何を簡単に。そんなのは無理だと言おうとして、けれど反論できない自分がいた。このまま胸の中で握り潰して押し殺してしまうには、この感情はあまりに大きすぎたのだ。
『──凪雪ちゃん、』
私に距離を取られることに痺れを切らしたのか、そこで蛍乃佳が私の名前を呼んで話しかけてきた。彼女も、私が皆とは他の中学校に進むことを知っていた。だから本当はもっと、卒業式の前から感情を共有してはしゃぎたかったんだろうに。
その日の彼女は、いつになく静かだった。
『蛍乃佳。話したいことがある』
それからは、先述の通りだ。
返事を求めず告白して、けれど高校で思わぬ再会を果たし、結果交際からアタックを重ね蛍乃佳と両想いになるに至った。
蛍乃佳と付き合うことになったと打ち明けた時、千秋は初めて私の前で感情を動かした。
へぇ、と、返事はごく素っ気ない一言。
けど、その瞳の奥が揺れたように見えたのだ。それが何なのかは私に分からなかったけど、不思議と悪くない感情を抱いてもらえたらしいことはなんとなく察せられて、私はようやくそこで千秋と分かり合えたような気がした。
蛍乃佳と千秋の関係性は、まるで成犬と幼犬のような感じだった。じゃれつく蛍乃佳を、千秋が呆れながらあしらう。
小学校の時私はそれを不思議に思っていたけど、こうして付き合ってみて分かった。私が蛍乃佳を好きだと知っていたから、千秋は蛍乃佳と距離を保とうとしたのだ。蛍乃佳は、油断すればすぐ他人との距離感が近くなる。だから私が不快にならないように、千秋は蛍乃佳と一線を引いたのだ。
千秋は優しい。私は時折その分かりにくさがどうにももどかしくなるのに、千秋は一度も周りへ理解を求めたことがなかった。
そうして誰に対しても、媚びたり気に入られようとしたりすることがない。その様はまるで、私からはあえて他人を遠ざけようとしているようにも見えていた。
一度、どうしてかと彼女に聞いたことがある。事実を話して理解を求めないのかと。そうしたらもっと千秋は周囲に愛されるだろう、なのにどうしてそうしないのかと。
そうしたら千秋は、興味がないのだと言った。他人の評価には興味がない、振り回されるのももう懲り懲りだと。それでも分かってくれる人間がいるなら、その人と付き合っていけばいい。他人のために自分を揺るがす気はないと。
私はその時、彼女は誰とも分かり合う気がないのだと思った。
他人に理解を求めないこと。つまり、他人と無理に歩み寄る気はないということ。
彼女は元々他人への関心が薄いように見えた。だから尚更、私には彼女がずっと孤独に見えていたのだ。
その点、若月真佑は優秀だった。
若月は私とも千秋とも中学校が違うものの、高校に入ってから千秋とすぐに安定した関係性を築いた。

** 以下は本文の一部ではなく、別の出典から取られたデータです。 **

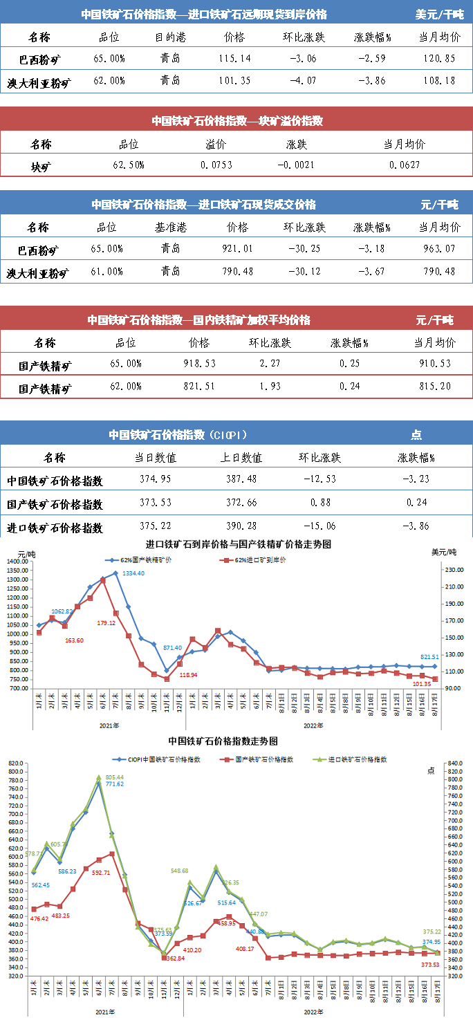 【行業指數】8月17日中國鐵礦石價格指數

ほどよい距離感、ほどよい意思の疎通。それでいて遠慮は皆無。若月は煩雑なことを好まないサバサバとした性格で、ある意味千秋と似通ったような部分がある人間だった。
ただ少し違うのは、千秋が慎重派だとすれば若月は過激派だということ。若月は”我慢”ができない。目の前に見えた目標へ、一も二もなく走ってすぐ掴み取らなければ満足できない。もどかしいことを嫌うたちだから。
そんなこんなで千秋に彼女ができたという話を聞いた時、うじうじと考え込んで足踏みする千秋の背中を突き飛ばしたのが若月らしいという話を聞いて、私は納得してしまった。あいつはまぁ、そういう奴だ。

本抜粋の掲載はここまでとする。